Trust is more affective, more felt, and related to attachment systems and social-emotional regulation.
Trust asks:
"Can I allow myself to be influenced here?"
"Do I feel safe enough to open?"
"Is there room for me to soften and receive?"

The Web of Human Flourishing: Trust, Connection, Love, and Intimacy
From the moment we are born, we are wired for connection. The infant’s cry, the parent’s soothing touch, the gaze between two people--these are not just emotional exchanges, but neural activators, immune regulators, and lifelong pattern-shapers. At the center of it all is trust--the foundational condition that makes connection possible.

How They Are Connected
  • Trust is the openness to being in relationship without constant fear or defense.
  • Human connection is the experience of shared presence--being seen, known, and accepted.
  • Love is the emotional bond that deepens connection and brings meaning to our shared existence.
  • Intimacy is the willingness to be known fully--in our vulnerability, flaws, hopes, and needs.
Each depends on the other:

You can’t love without some level of trust.
You can’t feel intimacy without connection.
And you can’t sustain connection without emotional safety, which arises from trust.

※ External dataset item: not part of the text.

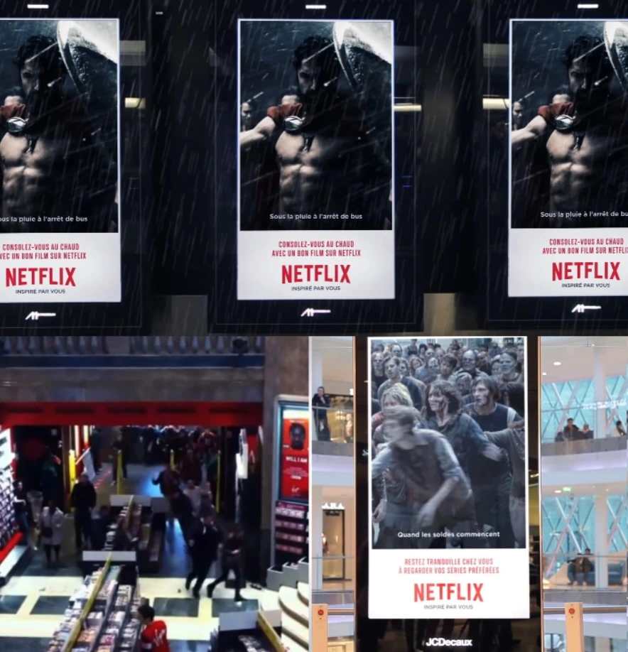 2014년, 넷플릭스는 프랑스에서 런칭했을 당시에도 넷플릭스는 옥외광고를 통한 디지털 캠페인을 펼쳤었다. 영화 속 장면들을 짧은 GIF(짤)로 만들어서 실시간으로 프랑스 상황에 맞는 영상을 틀었다.

Connection is the #1 predictor of resilience after trauma. Love gives life purpose--not just romance, but friendship, mentorship, belonging. In the end, people don’t regret what they didn’t own--they regret the love they didn’t give or receive.
We are not isolated minds floating in meat suits--we are relational beings, braided into one another’s nervous systems. Trust is the doorway, love is the glue, and connection is the lifeblood of a meaningful life.
Teaching children to build, repair, and cherish these bonds is not a sideline of education--it is the essence of it.